The availability of health benefits is a key factor in retirement decisions for most workers, particularly those not yet eligible for Medicare. Since the 1990s the percentage of large employers offering retiree health benefits has dropped significantly both for retirees younger than age 65 and for Medicare-eligible retirees. Given the importance of health insurance for maintaining financial security in retirement, the continuing erosion of retiree health insurance coverage is a matter of serious concern to AARP.
Large employers that continue to provide retiree coverage are beginning to shift some of the cost to retirees. Retirees with employer-sponsored health benefits are paying higher premiums and cost-sharing amounts, and may also face reductions in coverage as employers seek to limit their future financial liability for benefits. For example, more retirees may face caps on employer contributions or be required to pay a fixed share of growing health costs. If the price of retiree health benefits grows beyond the reach of retirees, they may be forced to drop coverage.
Employers have changed, capped, or stopped offering retiree health benefits because of:
- health care cost inflation,
- the increasing number of years spent in retirement,
- a declining ratio of active workers to retired workers, and
- changes in private- and public-sector accounting standards requiring that projected retiree health obligations be reflected in financial reports.
Some employers give retirees a defined contribution for retiree health benefits and refer them to a private exchange where they can choose a benefit plan.
As a general practice, employers do not prefund retiree health benefits because there are no federal tax incentives (similar to those for pensions) encouraging them to do so. Retiree health benefits, promised to retirees during their working years, are a form of deferred compensation in lieu of increased wages.
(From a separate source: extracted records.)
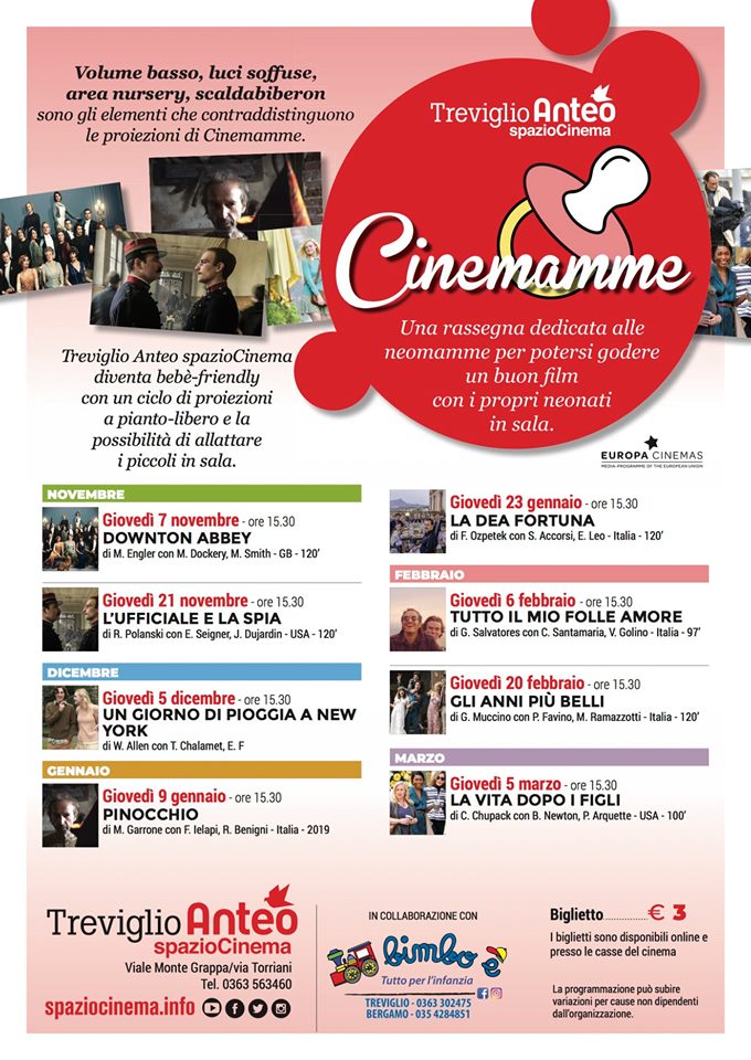 Treviglio Anteo spazioCinema presenta Cinemamme, la rassegna dedicata alle neomamme per potersi godere un buon film con i propri neonati in sala. Volume basso, luci soffuse, area nursery, scaldabiberon sono gli elementi che contraddistinguono le proiezioni di Cinemamme, in un ambiente accogliente per la mamma (o il papà, o i nonni o gli zii) e il neonato. Il cinema diventa bebè-friendly con un ciclo di proiezioni a pianto-libero con la possibilità di allattare i piccoli.
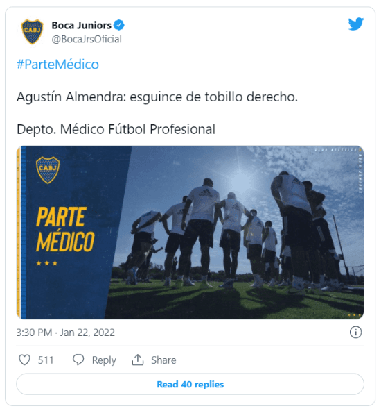 El Departamento Médico confirmó que lo de Almendra es un “esguince de tobillo derecho”, sin aclarar el grado de la lesión. Sin embargo, Olé reveló que el futbolista tendrá para entre 3 y 4 semanas de recuperación, por lo que se perderá el inicio de la próxima Copa de la Liga.
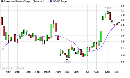 Mit dem Rücksetzer auf 1,84 EUR hat die Great Wall Motor Company-Aktie am 09.10.2025 die 50-Tage-Linie nach unten gekreuzt.Die Great Wall Motor Company-Aktie befindet sich seit dem 08.08.2025 ...weiterlesen
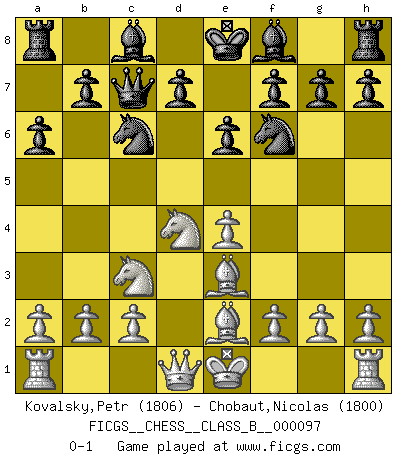 Last move : 0-1 2010 March 10 21:51:34 [Event "FICGS__CHESS__CLASS_B__000097"] [Site "FICGS"] [Date "2010.01.12"] [Round "1"] [White "Kovalsky,Petr"] [Black "Chobaut,Nicolas"] [Result "0-1"] [WhiteElo "1806"] [BlackElo "1800"] 1.e4 c5 2.Nf3 e6 3.d4 cxd4 4.Nxd4 Nc6 5.Nc3 a6 6.Be3 Nf6 7.Be2 Qc7 0-1 This chess game has been lost on time (started : 2010.01.12 4:22:44) Sicilian : Taimanov variation Player Black won this chess game. Follow this game move after move (download)When you don't know what to do, wait for your opponent to get an idea - it's sure to be wrong. (Tarrasch) Rauchen ist dem Schachspieler bei seiner Arbeit, also im Wettkampf, untersagt. (Viktor Kortschnoi) Fischer es una tragedia del Ajedrez Americano a la par con Morphy y Pillsbury. (Mig Greengard) Même si l'adversaire joue le coup analysé précédemment, recommencez l'analyse en voyant la nouvelle position. Première règle de Blumenfeld Perfection is achieved, not when there is nothing more to add, but when there is nothing left to take away. (Antoine de Saint-Exupéry)
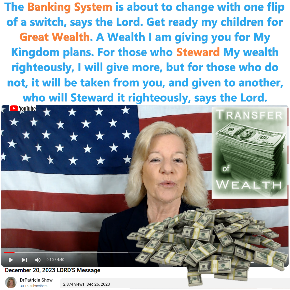 There also has to be a wealth transfer. Because if it happens, he (devil) has to begin the tribulation broke. If he (devil) can get the great tribulation, in before the transfer, then he (devil) gets to keep all the wealth. If he cannot, then he has to begin the 7-year tribulation broke. If there is no money/wealth on this earth, there’s no power. There will be a Wealth transfer.
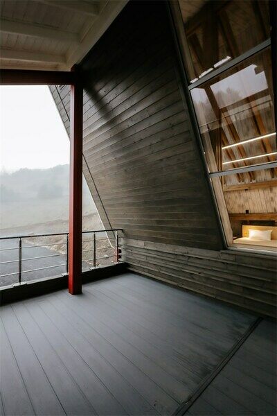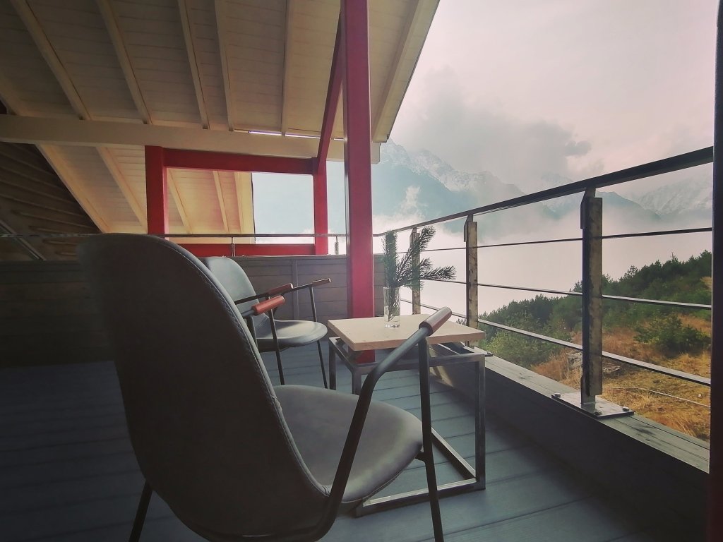 Есть открытая веранда, где можно поесть, любуясь видами. Также, на веранде есть пару шезлонгов и подвесное кресло, можно поваляться на свежем воздухе.

Recognizing that fewer employers are offering retiree health benefits, Congress included special subsidies in the Medicare Modernization Act of 2003 as an incentive for employers to retain non-Medicare retiree drug benefits. Millions of retirees have benefited from these subsidies, but fewer employers are using them.
In 2009 the Equal Employment Opportunity Commission (EEOC) implemented final regulations concerning the application of the Age Discrimination in Employment Act (ADEA) to retiree health benefits. The rule, which allows employers to treat older retirees differently from younger retirees based on their Medicare eligibility, is intended to reduce employers’ costs and prevent or slow the further erosion of coverage for retirees not yet eligible for Medicare.
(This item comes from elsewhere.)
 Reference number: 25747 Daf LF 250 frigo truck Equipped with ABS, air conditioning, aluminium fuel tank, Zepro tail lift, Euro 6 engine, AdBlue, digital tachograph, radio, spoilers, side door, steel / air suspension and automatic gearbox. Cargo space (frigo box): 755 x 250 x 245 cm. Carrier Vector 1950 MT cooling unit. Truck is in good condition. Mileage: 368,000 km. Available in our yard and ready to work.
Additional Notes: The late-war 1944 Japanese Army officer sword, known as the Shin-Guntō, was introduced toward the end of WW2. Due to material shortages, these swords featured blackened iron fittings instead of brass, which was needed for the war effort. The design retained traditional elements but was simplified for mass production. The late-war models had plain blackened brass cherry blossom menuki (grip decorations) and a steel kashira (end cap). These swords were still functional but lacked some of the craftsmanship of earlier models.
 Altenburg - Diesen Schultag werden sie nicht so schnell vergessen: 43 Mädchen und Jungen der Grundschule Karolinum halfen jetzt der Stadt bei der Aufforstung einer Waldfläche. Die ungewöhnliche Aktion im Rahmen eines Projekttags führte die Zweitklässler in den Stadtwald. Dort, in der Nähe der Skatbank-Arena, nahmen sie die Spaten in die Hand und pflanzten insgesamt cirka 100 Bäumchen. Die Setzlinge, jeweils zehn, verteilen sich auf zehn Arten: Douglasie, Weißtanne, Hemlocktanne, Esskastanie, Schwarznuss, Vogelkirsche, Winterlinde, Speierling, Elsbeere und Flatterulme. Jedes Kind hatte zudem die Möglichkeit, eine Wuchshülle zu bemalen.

The ACA imposed a 40 percent excise tax on high-cost employer-sponsored health coverage, including retiree health coverage, exceeding specific cost thresholds. This tax was originally scheduled to go into effect in 2018, but Congress delayed implementation until 2020. The tax is intended to constrain health care spending by discouraging higher cost health coverage. It is still unclear whether the specified adjustments for retiree coverage are sufficient and whether cost factors unrelated to generosity of coverage, such as geography, will be considered. (For a discussion of the tax, see Chapter 3, Taxation: Tax Expenditures and Incentives—Taxing Employer-Provided Benefits. For a discussion of implementation issues including adjustment for age and gender, see discussion earlier in this chapter’s section Health Care Coverage: Private Insurance—Individual- and Employment-Based Group Plans.)
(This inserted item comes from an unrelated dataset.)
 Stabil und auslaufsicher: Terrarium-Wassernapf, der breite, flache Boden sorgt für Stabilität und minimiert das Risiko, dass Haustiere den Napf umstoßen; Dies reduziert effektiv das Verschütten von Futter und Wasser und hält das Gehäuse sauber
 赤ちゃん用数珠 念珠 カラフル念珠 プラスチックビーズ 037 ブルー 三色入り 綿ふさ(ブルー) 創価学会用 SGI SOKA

The ACA also contains provisions that benefit younger retirees. Retirees younger than age 65 who drop their retiree health coverage or who don’t have access to such coverage now have guaranteed access to insurance in the individual market. Those who are eligible can get subsidies to help with the cost of coverage they buy through the health insurance marketplace. Low-income retirees may qualify for expanded Medicaid coverage depending on where they live.
Retiree Health Coverage: Policy
The federal government should provide employers with incentives to maintain and safeguard retirement health benefits.
AARP opposes policies that will increase the number of uninsured early retirees or Medicare-eligible retirees without adequate coverage. Policies affecting retirement health benefits should incorporate features that prevent deterioration of health benefits.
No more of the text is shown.